# Photo's of new van



## Rapide561 (Oct 1, 2005)

Hello

Here are a few pics of the "HMS Sheffield".

The two exterior shots were taken at the CCC Boroughbridge - my favourite pitch right by the riverside. Jenny loves to watch the ducks. 

The remainder show me on the garage bed - note the headboard and not a window to lean up against, pic of the garage - not that tidy now and also the "Skyview" window which does open.

Russell


----------



## ActiveCampers (Jun 17, 2005)

Thats a biggun 
Is that a heater vent in the garage! !?!?!?
And how long till its full of junk?

Hope you enjoy it!


----------



## Rapide561 (Oct 1, 2005)

*Pics*

I could not manage to add more than three pics to the post, so here we go again!

Here is also a pic of the Hartal door which reminds me of a bank safe door it is so blooming heavy. It shuts with a "CLUNK".

Russell


----------



## Kelcat (Apr 20, 2008)

Looks like a lovely van - bet you're well please  

would have preferred a pic of Jenny though :lol:


----------



## Rapide561 (Oct 1, 2005)

*Jenny*

And also Jenny enjoying her surroundings...


----------



## EdinburghCamper (Sep 13, 2008)

Looks like a good un  Well done, hope Jenny enjoyes!

Gary.


----------



## Kelcat (Apr 20, 2008)

bl**dy h*ll Russell - that was quick!


----------



## Mikemoss (Sep 5, 2005)

That's one fantastic-looking motorhome, Russell, hope it serves you and Jenny well.


----------



## Alfa_Scud (Sep 27, 2006)

That is a nice wagon - are there cupboards there in front of the overcab window, or just blanking panel?

As has been said that looks like a vent into the garage too - I'd live in that bit quite happily!

Who needs foreign when British make vans as good looking as this  (_head down awaits slagging off!_)


----------



## geraldandannie (Jun 4, 2006)

Nice photos, Russell. We'll know what to look for when the bus comes sailing in on Saturday now :wink: 

And Chris - you're right. It's a great looking beast.

You can decide yourselves whether I'm talking about the van, the dog ... or Russell! :lol: 

Gerald


----------



## Fairportgoer (Jun 24, 2008)

Nice one Russell,

Thanks for sharing the pictures with us, you must be really pleased :!: 

We will be collecting our new MHM in the next few weeks  
It is like waiting for Christmas  

Maybe we should post our pictures after we have collected it.

Oh by the way for those that are interested, we are getting an Auto-Trail Cheyenne 696G.......yes it is a Fiat X250!!!!

Regards

An excited fairportgoer :wav:


----------



## asabrush (Mar 3, 2008)

Its a fine looking van Russell,I really like the big roof window


----------



## carolgavin (May 9, 2005)

Its a beauty Russell, only one teeny tiny question. Where is the pic of my bed tee hee hee!!!


----------



## vicdicdoc (May 14, 2005)

Nice one !


----------



## Rapide561 (Oct 1, 2005)

*Kontiki low line*

Hello

Thanks for your good wishes and so on.

Carol - YOUR bed - is OUR bed! (Don't tell Gavin or Greenie)

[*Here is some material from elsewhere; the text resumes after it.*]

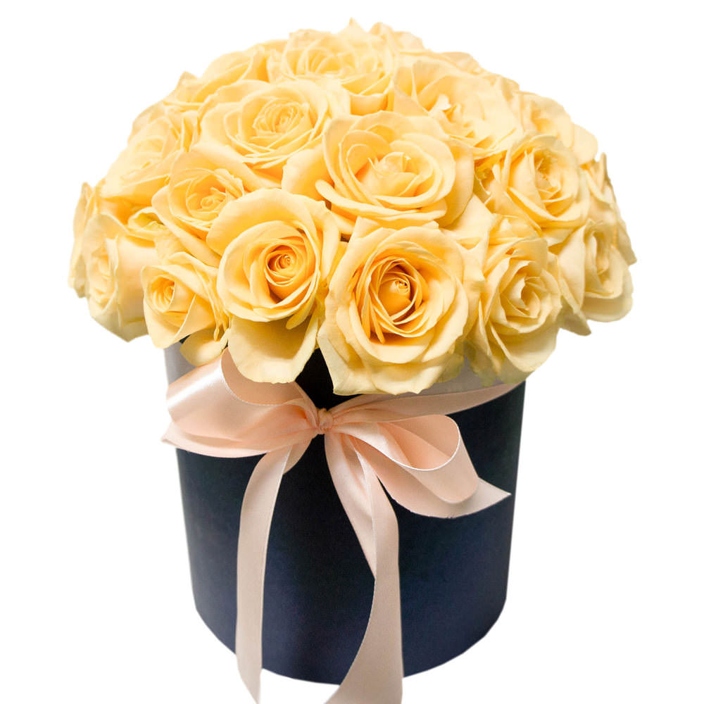 Эти нежные кремовые розы создают атмосферу утончённой элегантности. Каждая роза одноголовая и прекрасно дополняет общую композицию. Упакованы в стильную шляпную коробку тёмного цвета с изящной атласной лентой. Этот букет создаёт романтичное настроение и станет отличным подарком для любимой женщины на годовщину.

Re the garage - the boiler is located under the twin wardrobes. If you can imagine looking into the garage from the angle the pic was taken, there are two vents for the boiler just to the left. As I leave the hot water on 24/7, there is a gentle warm air flow at all times. There is also blown air heating to the garage area.

Re the forward roof area. At each side of the "Skyview" window is a deep side locker. This can accomodate all sorts of clutter - sorry - it can accomodate various motorhome accessories. So far, I have been able to fit a double duvet in one locker, and opposite mangaed to fit in a lap top case, a duffle bag and other bits and bats. At the foot of the roof light is a large "glove box" divided into three sections. I have designated this as a secondary crockery storage area, and despite this, the rattles of pots and bowls cannot be heard in the driving cab when "on the move".

I will write a detailed review in a couple of months time.

I did have slight concerns at losing the Luton area, but have absolutely no regrets at all.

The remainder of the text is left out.